Getting your first tech job is hard anywhere. Getting it from Anambra — without a Lagos address, without a big-name bootcamp on your CV, and without connections in the right places — can feel close to impossible. But it isn't. Here's the honest guide that community members who've done it wish they had when they started.

Choose Your Track Before You Start

The biggest mistake beginners make is trying to learn everything at once. Frontend, backend, data science, UI/UX, cybersecurity, product management — these aren't all one thing called "tech." They're different careers with different skill sets, different learning curves, and different markets.

Pick one track and go deep. If you're not sure which, ask yourself: do you prefer building things people see, understanding data patterns, or solving systems problems? Your answer points to a track. The Anambra Techies community is organised by track for this exact reason — once you know what you're building toward, you can find people already there.

Build Before You Apply

Nobody gives you a job because you finished a course. They give you a job because you can show them you've solved real problems. That means building projects — even simple ones.

A portfolio website for a local business. A data dashboard for a market you know. A mobile app that solves something you personally experience in Awka or Onitsha or Nnewi. Three solid projects on GitHub or Behance will do more for you than ten certificates.

Your first job will come from someone seeing what you've built, not what you've studied.

The portfolio doesn't have to be perfect. It has to be real. Real effort, real problem, real solution — even if the code isn't clean yet.

Use the Community as a Leverage Point

Here's the advantage Anambra techies have that people outside don't talk about: 6,000+ community members, organised by track, with senior engineers, product designers, data scientists, and founders who grew up in the same state and want to see the ecosystem succeed. That is access most people don't have.

Join the sub-community for your track. Show up to events. Ask questions publicly. When a company opens a role and reaches into the community for referrals, your name should already be familiar. Community isn't networking. It's building a reputation over time in a room full of people who want to see you win.

Where to Look for Your First Opportunity

Nigerian tech jobs aren't all advertised on LinkedIn. Many of the best first roles come through community channels, WhatsApp groups, X mentions, or direct founder introductions. Watch the Anambra Techies community channels closely. Follow Nigerian tech founders on X. Apply to internships, apprenticeships, and junior roles — not just full-time positions.
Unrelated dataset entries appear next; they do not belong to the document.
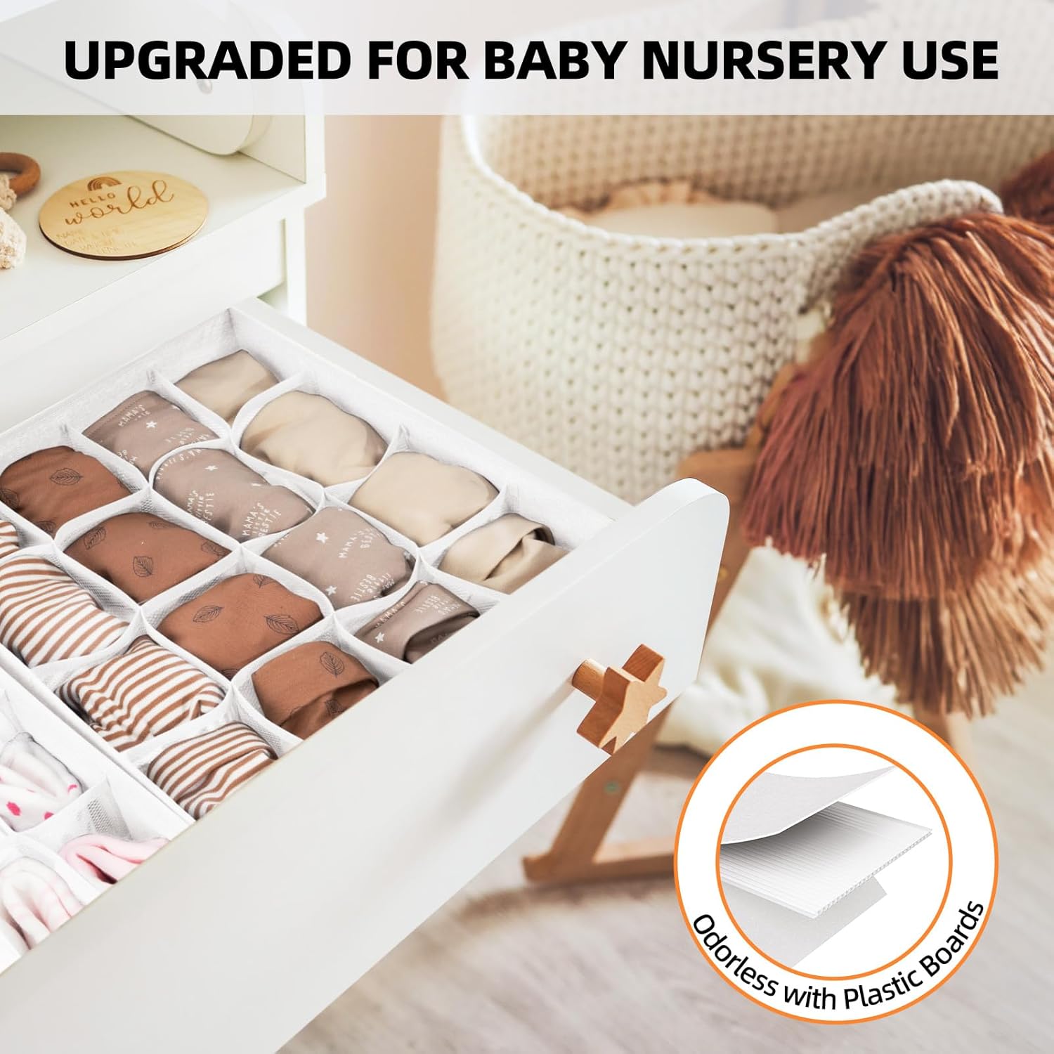 - 【SOLVE YOUR QUALITY CONCERNS】Maybe you noticed a strange smell in your drawers? Many organizer bins are made of cardboard, causing odors. Our Criusia drawer organizers use durable plastic boards wrapped in cationic cloth, making them 10 times more durable than non-woven fabric. They are odorless, ideal for baby nursery organization, and washable for a longer lifespan.
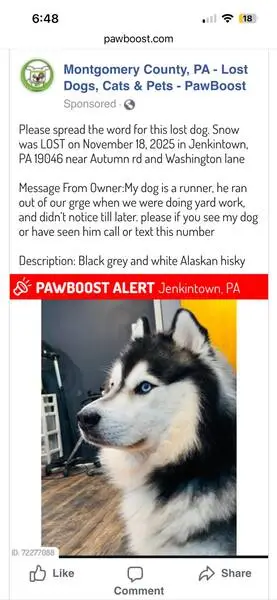 Male, neutered, well groomed, husky that was skittish but very friendly and good with other dogs found at Christian Park.
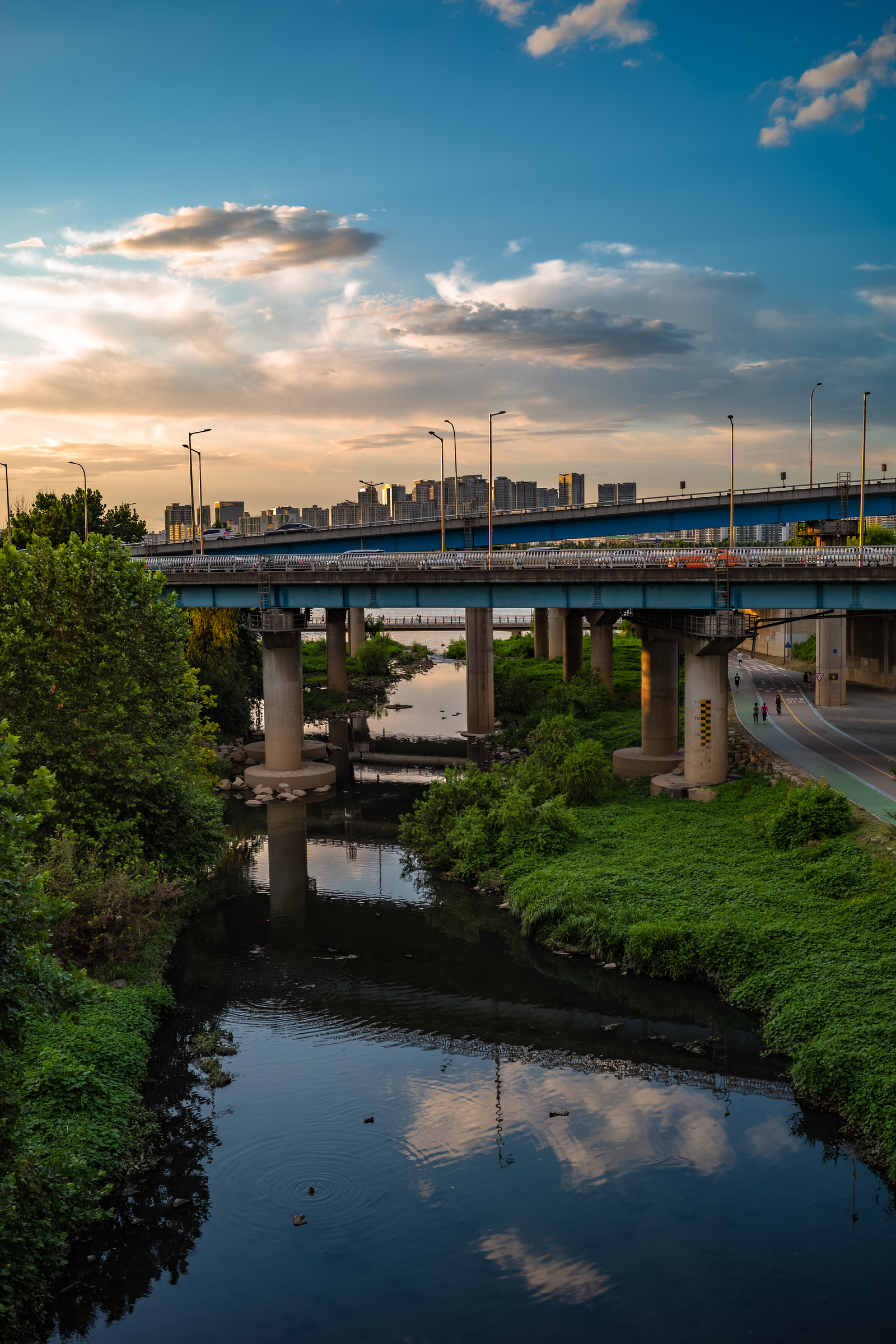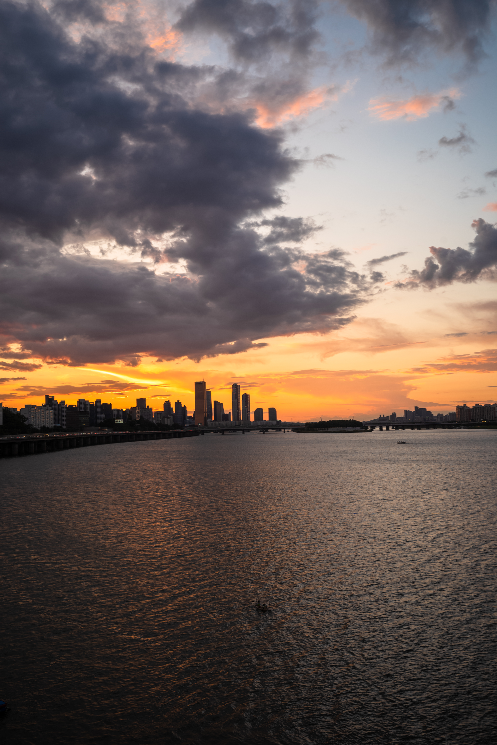 제가 도착한 시각은 일곱 시 남짓. 몇 주 전 동호대교에 갔던 날 일몰 시간이 여덟시 쯤이었는데 이날은 일곱시 반만 돼도 깜깜해지더라고요. 계절의 변화가 생각보다 꽤 빠르다는 생각을 했습니다. 붉게 물든 노을 아래로 도시의 스카이 라인과 자동차 헤드라이트, 하나 둘 켜지기 시작한 가로등 불빛 그리고 붉은 빛으로 물든 한강을 감상했습니다. 때마침 한강 위를 유영하는 카약 한 대가 있어 운치가 있었어요.

  • Remote roles at Lagos-based startups are accessible from Anambra and often pay competitive rates
  • Freelance projects on local platforms build real experience fast
  • Internships — even unpaid short ones — give you something to point to
  • Open source contributions show global employers you can work in real codebases

Don't wait for the perfect role. The first job is about getting experience, not prestige.

Your First Job Is a Foot in the Door

You are not going to land your dream role first. And that's fine. What you're doing with your first job is proving, to a real employer, that you can show up, learn fast, and deliver. Six months to a year of real work experience compounds faster than another year of self-study.

It changes what you can say in interviews. It changes what you can build in your portfolio. And it changes who wants to hire you next. The first job is the hardest one to get. Everything after it gets progressively easier — because you've crossed the threshold from "learning" to "experienced."

The Anambra tech ecosystem is real, it's growing, and it has more people rooting for you than you probably realise. Build something. Join the community. Stay consistent. Your first job is closer than it feels.